Introduction

At the scale of microorganisms, marine environments are heterogeneous — environmental conditions and bacterial communities vary on the scale of microns to millimeters (Long and Azam 2001; Simon et al. 2002; Azam and Malfatti 2007; Stocker 2012). A main contributor to the ocean’s microscale heterogeneity are particles that vary in size, shape, density, and chemical composition (Alldredge and Silver 1988). These particles are habitats for microorganisms whose metabolic and behavioral niches differ from those of free living organisms (Simon et al. 2002; Leu et al. 2022). Microbial communities can differ between individual particles (Bižić-Ionescu et al. 2018; Farnelid et al. 2018). Particles of different sizes harbor distinct microbial communities (Duret et al. 2015; Mestre et al. 2017). Highly size resolved measurements from global sampling efforts have shown that particle size variability promotes microbial diversity globally (Mestre et al. 2018). Additionally, chemical species such as oxygen and nitrate have diffusion gradients in large particles, allowing anoxic zones under low oxygen or sulfidic zones under low nitrate (Ploug et al. 1997; Stief et al. 2016; Bianchi et al. 2018; Fuchsman et al. 2019b; Saunders et al. 2019; Raven et al. 2021). Previous analyses of bacterial communities along the particle size spectrum have been semi-quantitative, providing relative abundance estimates (fraction of the total community), rather than estimates of quantitative abundance (cells per liter of water or milligram of particle). Therefore, we implemented a novel size fractionation approach to allow collection of DNA, microscopic samples and concentrations of the particles themselves in each size fraction, and utilized standards to quantitatively describe microbial distributions along the particle size spectrum.

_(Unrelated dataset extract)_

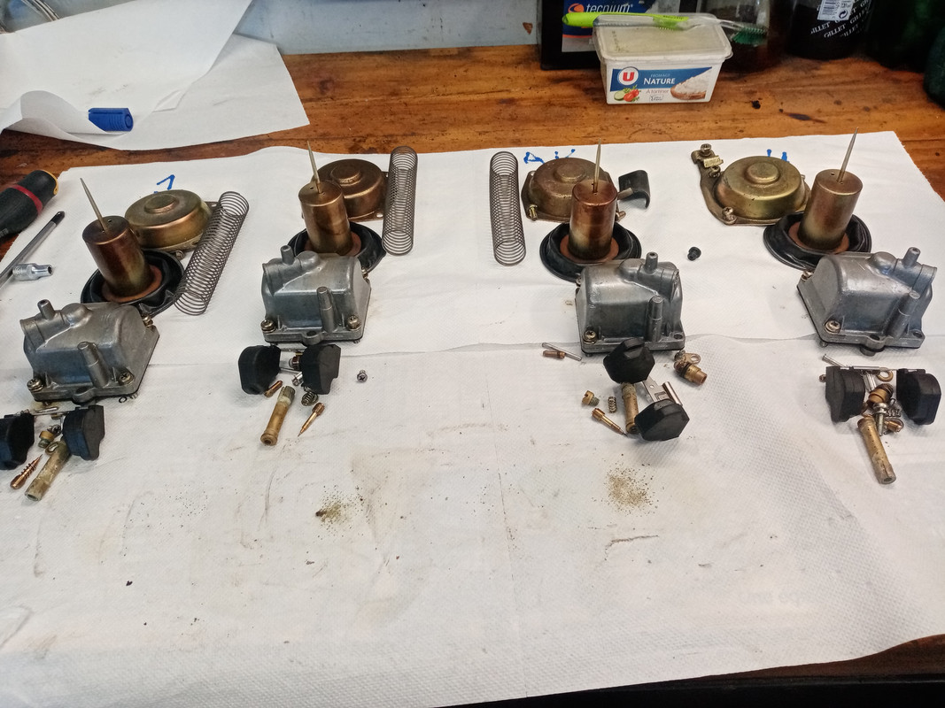 Avec l'aide d'un copain qui touche sacrement bien sa bille en mécanique, toute la rampe de carbu à été démontée et nettoyée, tous les joints remplacés. Les jeux aux soupapes ont été contrôlé avec reprise de certaines pastilles.

The Chesapeake Bay is the largest estuary in the United States and provides a well-studied model system characterized by high production and active biogeochemical processes (Turk et al. 2021). The Bay is characterized by abundant particles, which transport nutrients and carbon through the system (Sanford et al. 2001; Malpezzi et al. 2013; Palinkas et al. 2019). Particles transport organic carbon to the middle of the Bay, where it fuels microbial respiration, depleting the mid-Bay of oxygen (Wang and Hood 2020) and creating a seasonally oxygen-starved environment (Testa et al. 2018). Bacteria in the anoxic Bay are known to produce greenhouse gasses including methane (Gelesh et al. 2016) and nitrous oxide (Ji et al. 2018; Laperriere et al. 2019), as well as hydrogen sulfide (Luther et al. 1988) which is toxic to marine life (Kang 1997; Boyd 2014). Sulfur oxidizing bacteria, responsible for the removal of hydrogen sulfide and other reduced sulfur species have been identified in the hypoxic Bay (Crump et al. 2007; Findlay et al. 2015), potentially using nitrogen species as terminal electron acceptors (Arora-Williams et al. 2022). Methane appears to be produced in the sediments, but is oxidized in the water column (Reeburgh 1969; Hagen and Vogt 1999; Gelesh et al. 2016). However, it is unknown whether and on what sizes of particles methane and sulfur cycling bacteria associate. Bay microbial communities vary across space and season (Kan et al. 2006, 2007; Wang et al. 2020; Arora-Williams et al. 2022). Furthermore, in general, particle and free-living microbial communities differ (DeLong et al. 1993; Bidle and Fletcher 1995). However, no investigation of the spatial variability of particle associated bacterial communities using modern techniques has been done in the Bay. In this manuscript we describe particle size resolved measurements of microbial communities and how they vary across space in the Chesapeake Bay.